The duplication occurs in the second for loop (for j in str(i)), where you are taking a count for each digit character of str(i), which is a list, and putting that in a list, and for every digit with a digit count >= 2 then you will end up with that many copies of i: when i is 11 this means you end up with two 11s in the outer list, when i is 22 you end up with two 22s, and so on. You need to take j from the digit set of i, so this would be:

nonUniqueNums = [i for i in range(10 ** n) if any(str(i).count(j) >= 2 for j in set(str(i)))]
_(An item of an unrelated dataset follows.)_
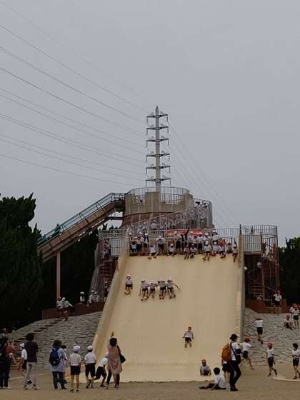 大きな大きな滑り台があります。みんな何回も滑っています。

The smallest value of n for which this list is non-empty is 2. For n = 2 this gives me:

>>> [i for i in range(10 ** 2) if any(str(i).count(j) >= 2 for j in set(str(i)))]
[11, 22, 33, 44, 55, 66, 77, 88, 99]

FlashByte · June 24, 2025, 9:04am

Thank you very much!

sr-murthy · June 24, 2025, 9:37am

This reminds of two interesting sequences:

This OEIS sequence of positive integers where the k-th element occurs k times: so 1 occurs once, 2 occurs twice, 3 occurs thrice (in that order) etc.
And this one, although not quite the same as your problem, but kind of related: Champernowne’s constant for base 10.

doerwalter · June 24, 2025, 10:11am

A simple version would be

nonUniqueNums = [i for i in range(10 ** n) if len(set(str(i))) < len(str(i))]

sr-murthy · June 24, 2025, 10:15am

And you could probably shave a bit off the speed by not doing str(i) twice:

nonUniqueNums = []
for i in range(10 ** n):
    stri = str(i)
    if len(set(stri)) < len(stri):
        nonUniqueNums.append(i)

I haven’t timed this, but it would probably be a bit faster.

Stefan2 · June 24, 2025, 12:15pm

Did they say they want 1122 in the result twice?

Stefan2 · June 24, 2025, 12:27pm

Just another attempt for speed:

nonUniqueNums = [
    i
    for k in range(1, n)
    for i in range(10**k, 10**(k+1))
    if len(set(str(i))) <= k
]

sr-murthy · June 24, 2025, 12:37pm

OK, yes, numbers with multiple repeating digit groups, e.g. xxyy, can be excluded by using any to including any number where any one digit repeats more than once (if that was what the poster wants):

nonUniqueNums = []
for i in range(10 ** n):
    s = str(i)
    if any(s.count(j) >= 2 for j in set(s)):
        nonUniqueNums.append(i)

For n = 4 this will exclude duplicates of numbers of the form xxyyy, for n = 5 numbers of the form xxyyy and xxxyy etc.

The for loop version runs faster for me.